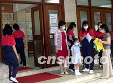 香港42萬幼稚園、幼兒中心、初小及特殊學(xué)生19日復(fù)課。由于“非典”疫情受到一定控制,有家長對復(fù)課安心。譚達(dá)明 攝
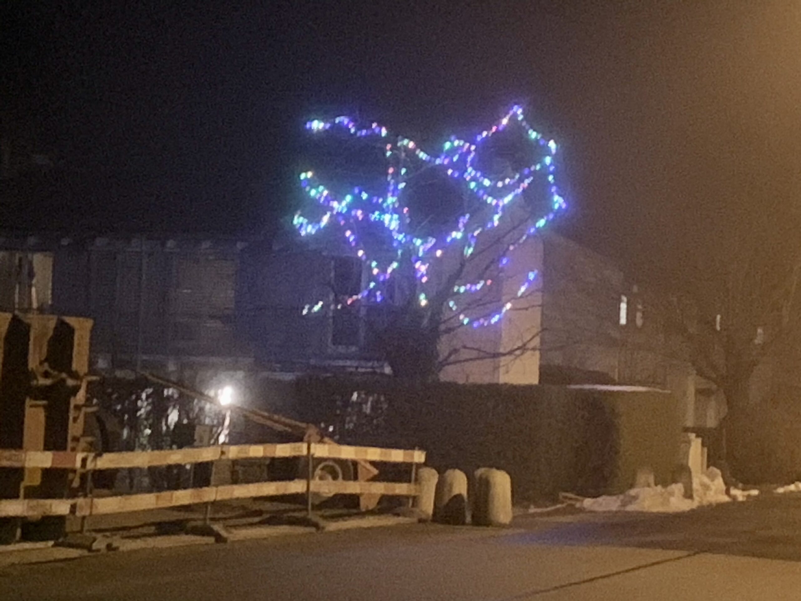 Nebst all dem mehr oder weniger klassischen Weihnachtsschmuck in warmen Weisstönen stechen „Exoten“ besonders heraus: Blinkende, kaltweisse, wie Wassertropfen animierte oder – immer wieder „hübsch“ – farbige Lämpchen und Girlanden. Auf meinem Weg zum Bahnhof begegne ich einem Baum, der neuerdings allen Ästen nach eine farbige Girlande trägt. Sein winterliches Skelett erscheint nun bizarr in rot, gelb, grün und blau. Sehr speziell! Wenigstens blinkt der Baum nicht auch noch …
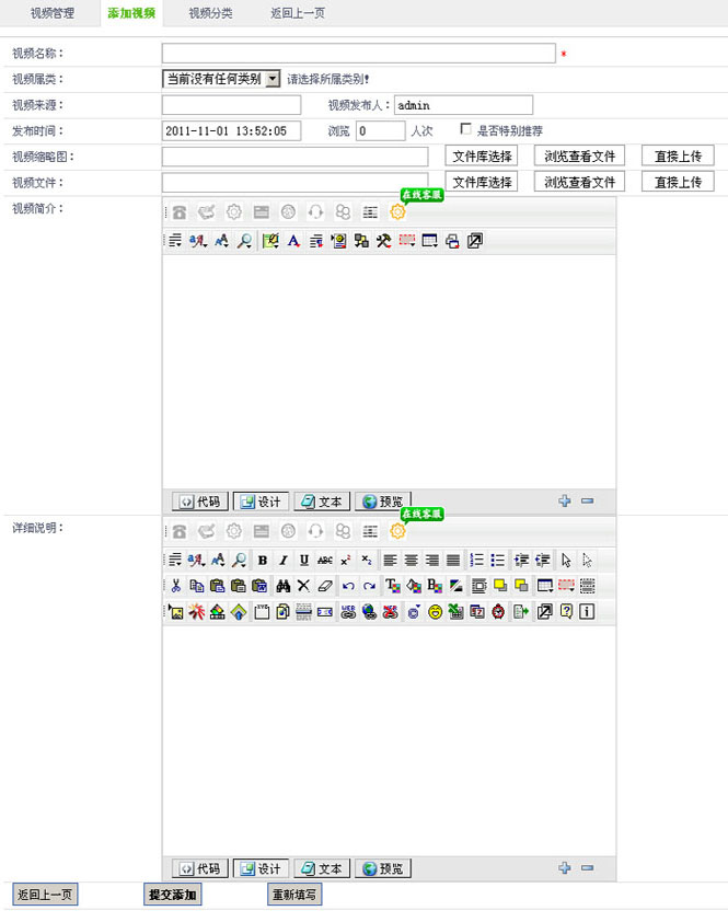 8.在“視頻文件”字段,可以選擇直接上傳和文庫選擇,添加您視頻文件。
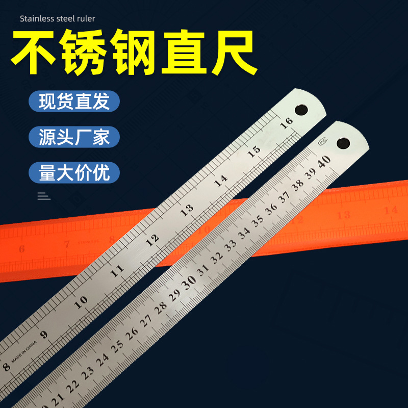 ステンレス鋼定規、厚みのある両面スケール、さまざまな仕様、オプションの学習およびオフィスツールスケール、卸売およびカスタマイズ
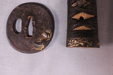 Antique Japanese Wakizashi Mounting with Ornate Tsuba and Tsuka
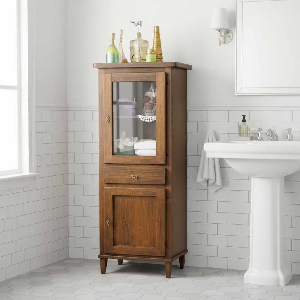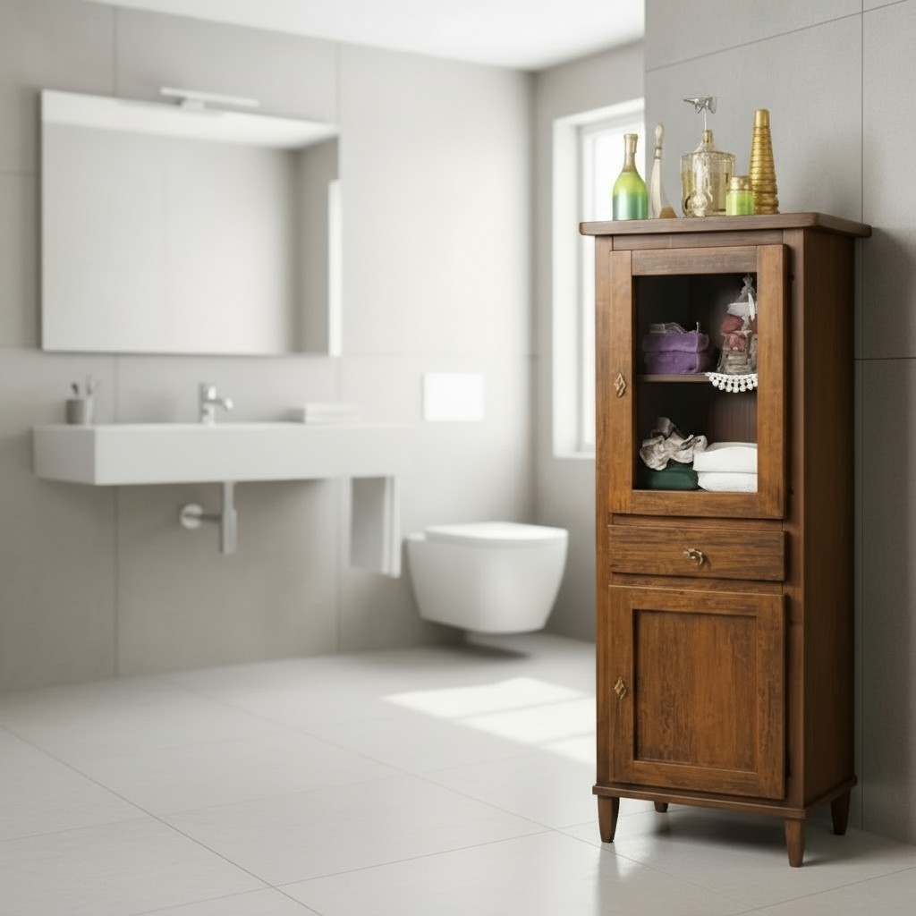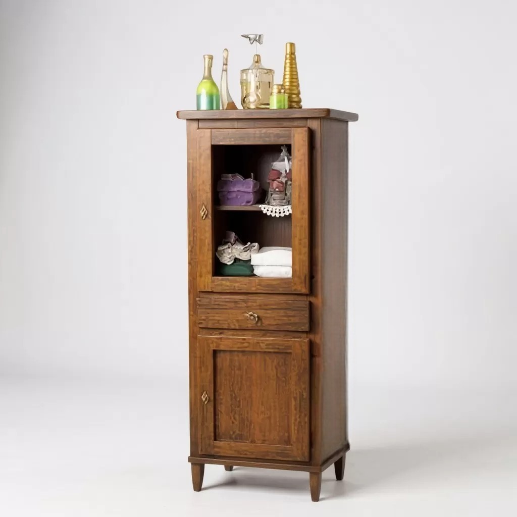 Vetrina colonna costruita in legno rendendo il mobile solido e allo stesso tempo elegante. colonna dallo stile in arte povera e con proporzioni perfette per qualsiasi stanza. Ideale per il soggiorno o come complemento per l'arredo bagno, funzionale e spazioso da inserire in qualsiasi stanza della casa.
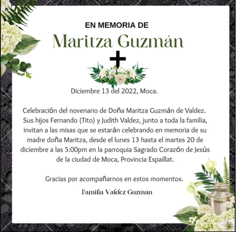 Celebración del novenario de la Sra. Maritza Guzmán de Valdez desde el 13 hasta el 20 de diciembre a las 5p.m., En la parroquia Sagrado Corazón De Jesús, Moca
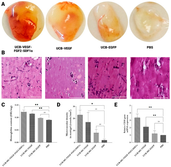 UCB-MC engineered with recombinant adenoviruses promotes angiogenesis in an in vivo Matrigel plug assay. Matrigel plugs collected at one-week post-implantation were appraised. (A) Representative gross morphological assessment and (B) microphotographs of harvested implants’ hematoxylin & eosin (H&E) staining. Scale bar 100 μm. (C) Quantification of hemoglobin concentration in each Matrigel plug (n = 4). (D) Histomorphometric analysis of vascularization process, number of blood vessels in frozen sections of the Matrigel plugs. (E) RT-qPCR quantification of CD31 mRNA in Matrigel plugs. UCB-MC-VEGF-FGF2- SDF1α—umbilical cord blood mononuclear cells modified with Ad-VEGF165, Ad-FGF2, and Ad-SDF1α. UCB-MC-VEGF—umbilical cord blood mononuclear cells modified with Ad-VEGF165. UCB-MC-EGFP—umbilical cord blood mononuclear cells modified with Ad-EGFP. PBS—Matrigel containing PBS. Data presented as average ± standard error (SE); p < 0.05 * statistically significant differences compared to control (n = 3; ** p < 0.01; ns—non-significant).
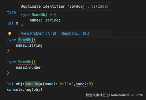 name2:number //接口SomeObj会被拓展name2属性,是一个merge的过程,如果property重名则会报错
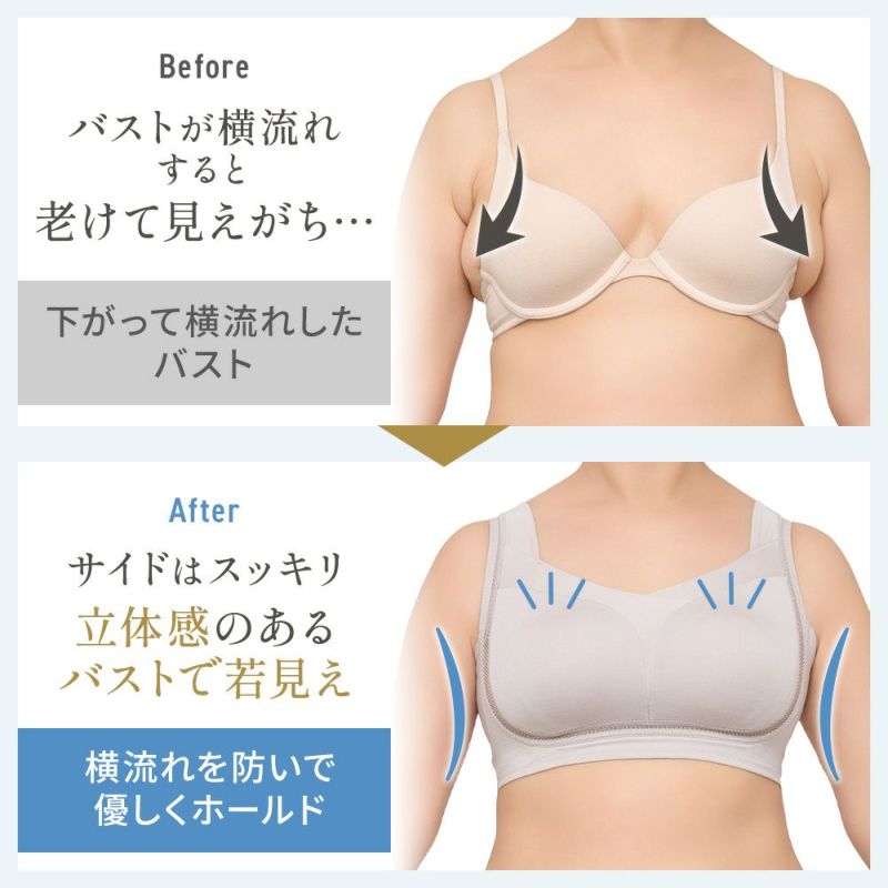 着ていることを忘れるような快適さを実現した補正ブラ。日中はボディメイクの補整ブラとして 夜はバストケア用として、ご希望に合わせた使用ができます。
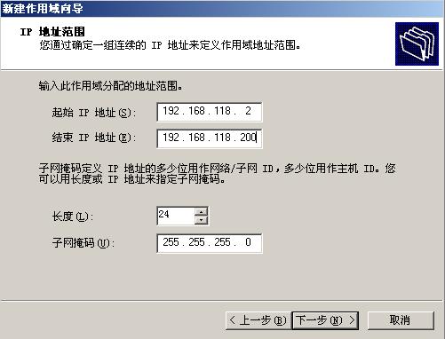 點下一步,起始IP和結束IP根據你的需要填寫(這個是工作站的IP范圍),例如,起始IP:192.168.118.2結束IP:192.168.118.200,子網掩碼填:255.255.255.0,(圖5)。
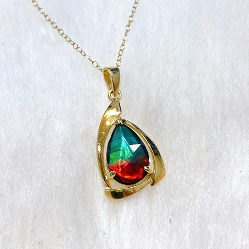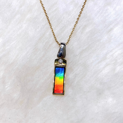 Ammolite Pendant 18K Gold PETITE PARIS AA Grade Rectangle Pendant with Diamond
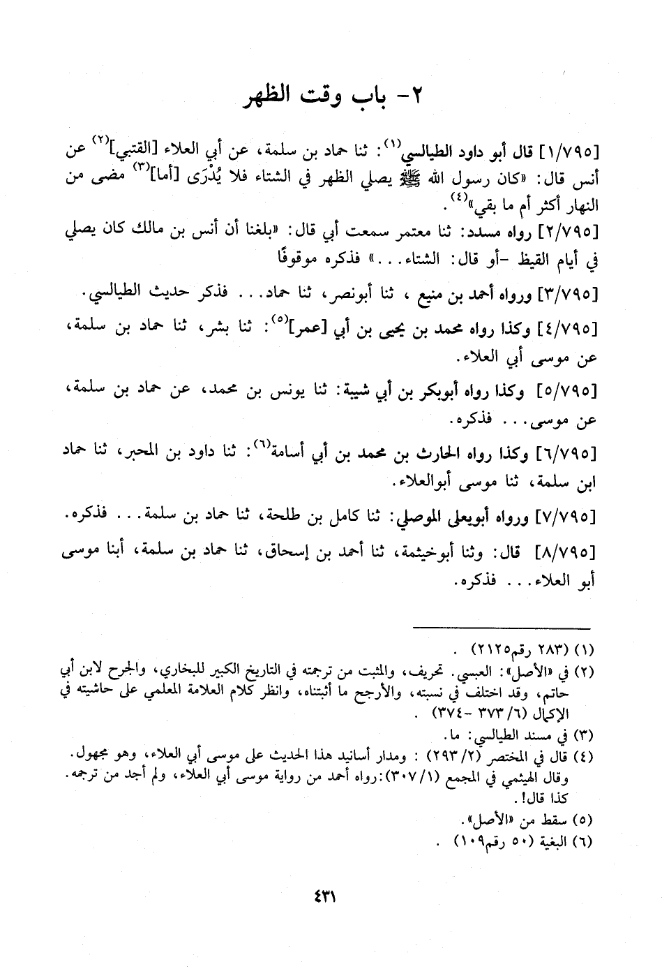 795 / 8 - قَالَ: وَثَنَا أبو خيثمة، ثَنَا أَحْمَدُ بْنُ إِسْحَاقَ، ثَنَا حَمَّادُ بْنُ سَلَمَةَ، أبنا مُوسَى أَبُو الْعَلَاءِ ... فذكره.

Work task -> Your task is to copy exactly the lines from the line containing "點下一步,起始IP和結束IP" through the final line of the listing above and to omit every picture.

Solution to this task ->
 點下一步,起始IP和結束IP根據你的需要填寫(這個是工作站的IP范圍),例如,起始IP:192.168.118.2結束IP:192.168.118.200,子網掩碼填:255.255.255.0,(圖5)。
 Ammolite Pendant 18K Gold PETITE PARIS AA Grade Rectangle Pendant with Diamond
 795 / 8 - قَالَ: وَثَنَا أبو خيثمة، ثَنَا أَحْمَدُ بْنُ إِسْحَاقَ، ثَنَا حَمَّادُ بْنُ سَلَمَةَ، أبنا مُوسَى أَبُو الْعَلَاءِ ... فذكره.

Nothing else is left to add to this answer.